For years, corporations have recognized that "the medium is the message." But as the sheer glut of information clogs up the sensory canals, making traditional news media less effective - Ms. Koehn estimated that American consumers w are bombarded with 750,000 individual advertisements a year - marketing experts say how a product is sold can break through the clutter. "What you'll see is that distribution will become the message," Mr. Matlins said.

"The young people, the people in the pit of fashion: they're turning in a different direction," said Mr. Joffe, who added that the hyped-up atmosphere of fashion - the megashows, the stars - has led people to seek a more "authentic" experience. "Big brands mean less and less to them."

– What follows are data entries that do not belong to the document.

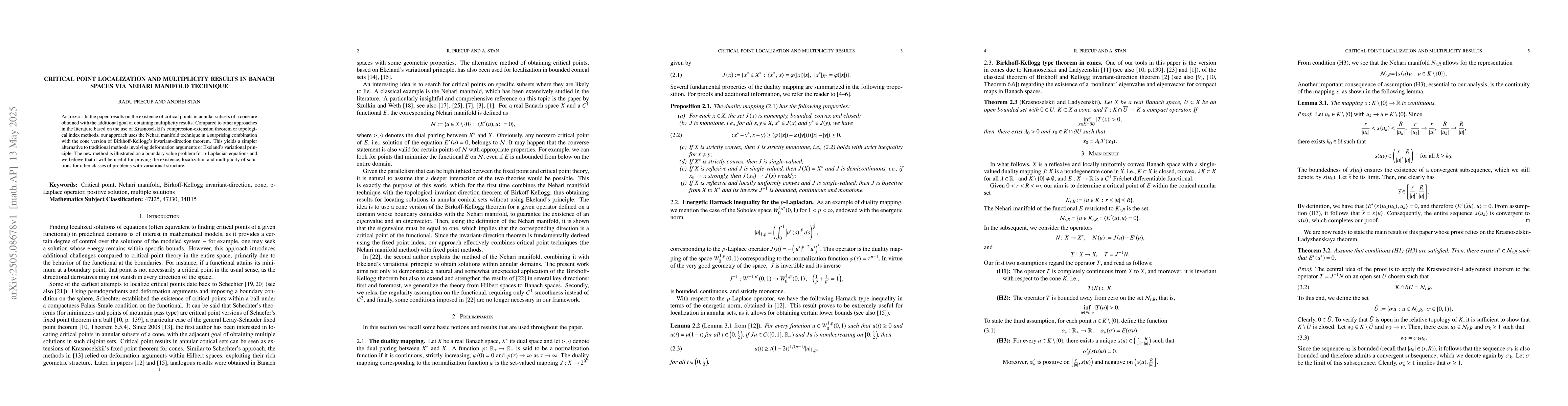 The innovative combination of Nehari manifold technique with Birkhoff-Kellogg's invariant-direction theorem provides a streamlined approach for proving critical point existence and multiplicity in Banach spaces.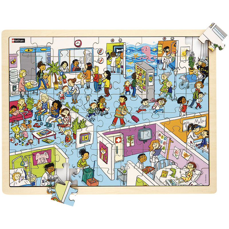 Un puzzle grand format de 72 pièces en bois verni sur le thème de l'hôpital. Une scène de la vie dans un hôpital fort réaliste et de grande dimension. Elle comporte de nombreux détails favorisant les situations de langage et d'observation. Illustrations imprimées directement sur le bois. Modèle en noir et blanc amovible.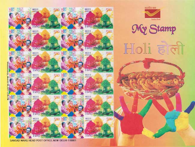 | 03.03.2017 | Holi Personalised - 47 Security Printing Press, Hyderabad | Rs. 5 Rs. 300 per Sheetlet of 12 Stamps. | Colours, Holi festival | |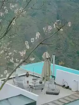 The infinity pool perched on the cliff edge resembles a stairway to the mountains—even on cloudy days or at dusk, swaying on the swing here feels dreamy.

Melissa Kirgan, 23, who graduated last year from the Fashion Institute of Technology, gave up a good job with a sportswear company to form a collective of designers and artists, one of several such groups in Manhattan. "Our approach is anti-Wal-Mart," she said. "It's turning against all the branding and noise."

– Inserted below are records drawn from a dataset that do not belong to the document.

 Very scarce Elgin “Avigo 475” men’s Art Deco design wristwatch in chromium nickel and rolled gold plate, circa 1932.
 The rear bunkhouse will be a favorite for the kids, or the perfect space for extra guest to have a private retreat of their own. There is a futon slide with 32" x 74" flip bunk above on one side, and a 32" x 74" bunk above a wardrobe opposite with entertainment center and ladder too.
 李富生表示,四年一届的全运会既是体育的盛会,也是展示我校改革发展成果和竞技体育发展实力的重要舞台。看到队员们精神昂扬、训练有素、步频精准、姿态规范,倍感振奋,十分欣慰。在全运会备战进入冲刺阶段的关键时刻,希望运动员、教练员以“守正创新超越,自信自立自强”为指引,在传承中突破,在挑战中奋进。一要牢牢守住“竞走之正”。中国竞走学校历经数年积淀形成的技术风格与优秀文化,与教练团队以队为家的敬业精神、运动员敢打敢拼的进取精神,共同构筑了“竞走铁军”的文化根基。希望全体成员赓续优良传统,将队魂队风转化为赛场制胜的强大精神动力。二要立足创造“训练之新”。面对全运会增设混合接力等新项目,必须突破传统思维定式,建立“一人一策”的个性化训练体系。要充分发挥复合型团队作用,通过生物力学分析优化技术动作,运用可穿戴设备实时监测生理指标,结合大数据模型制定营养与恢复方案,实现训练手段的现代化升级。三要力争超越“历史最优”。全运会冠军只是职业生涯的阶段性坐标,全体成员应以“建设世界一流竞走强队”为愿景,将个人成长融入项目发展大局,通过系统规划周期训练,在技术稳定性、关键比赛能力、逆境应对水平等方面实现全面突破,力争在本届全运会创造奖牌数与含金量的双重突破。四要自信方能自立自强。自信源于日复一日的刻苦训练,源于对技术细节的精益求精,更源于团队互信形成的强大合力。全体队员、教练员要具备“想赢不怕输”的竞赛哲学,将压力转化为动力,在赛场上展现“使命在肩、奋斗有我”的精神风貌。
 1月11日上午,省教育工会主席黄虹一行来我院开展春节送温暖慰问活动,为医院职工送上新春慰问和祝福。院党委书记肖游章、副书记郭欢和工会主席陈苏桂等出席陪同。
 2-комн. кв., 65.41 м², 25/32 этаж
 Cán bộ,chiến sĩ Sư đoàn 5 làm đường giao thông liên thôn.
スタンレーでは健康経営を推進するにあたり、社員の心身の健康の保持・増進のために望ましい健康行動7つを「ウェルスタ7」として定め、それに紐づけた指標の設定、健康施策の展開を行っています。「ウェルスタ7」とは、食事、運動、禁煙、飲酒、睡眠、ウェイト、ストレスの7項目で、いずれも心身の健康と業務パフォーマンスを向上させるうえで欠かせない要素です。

Perhaps no retail concept is more reflective of these provisional times than the new Comme des Garçons Guerrilla Store.

'''Mr. Joffe said that when he and Ms. Kawakubo visited Berlin last summer, they were impressed by the authentic-looking atmosphere of the Mitte district, especially at Monsieur Vuong, a Vietnamese noodle bar that draws a mix of old and young people, and at Elternhaus, a boutique run by a group of artists whose name, in German, means "parent's home."''' None of those places seem to devote a great deal of attention to décor or displays. Unconsciously or not, their owners were recognizing a fundamental shift in young consumers' attitudes: that content and product now counts for more than image.

By early October, Ms. Kawakubo and Mr. Joffe had formulated the idea for Guerrilla Store, enlisting Dat Vuong, the owner of the noodle bar, to help with décor. They also spread out their risk, creating a partnership with Christian Weinecke, an architecture student, who will run the shop.

Because Comme des Garçons is a small company, with annual sales of $120 million, it isn't encumbered with layers of bureaucracy and can respond to changes quickly.

The Guerrilla Store also makes commercial sense. With a monthly rent of $700, the store gives Comme des Garçons an inexpensive means to channel avant-garde pieces from the runway, sell off clothes from past seasons and reduce inventory.

Still, even if companies like Gucci and Louis Vuitton are too invested in their luxury images to be sincere guerrillas, marketing experts say they need to be much more attuned to the fact that young people, whether in New York or Shanghai, are tapping into the same underground. And that can make a designer wallet seem a lot less desirable than a customized pair of jeans.

"The influences today are terrifically eclectic," Mr. Matlins said. "One of the things we're seeing with kids is how much they're buying from eBay." When Sidney Toledano, the chief executive of Dior, visits New York, he makes a point of stopping in the Apple computer store.

"I learn more from a store like that than I do fashion stores," he said. `You're not just buying merchandising, you're exchanging information."

Berlin, with its long history of occupation, may be the perfect place to start a revolt. Among the 200 Berliners who passed through the store searching through cotton shirts and boiled wool jackets was Claudia Skoda, a knitwear designer who used to have a shop in New York.

"It seems a little bit funny," Ms. Skoda said of the notion of a store not meant to last forever. Still, she bought one of Ms. Kawakubo's orange checked skirts and planned to return for a pair of silver sneakers. She said she already knew of a designer who was thinking of opening a similar store in Mitte. And she was pleased to find something different in her own city. "I think people are tired of things you can get everywhere in the world."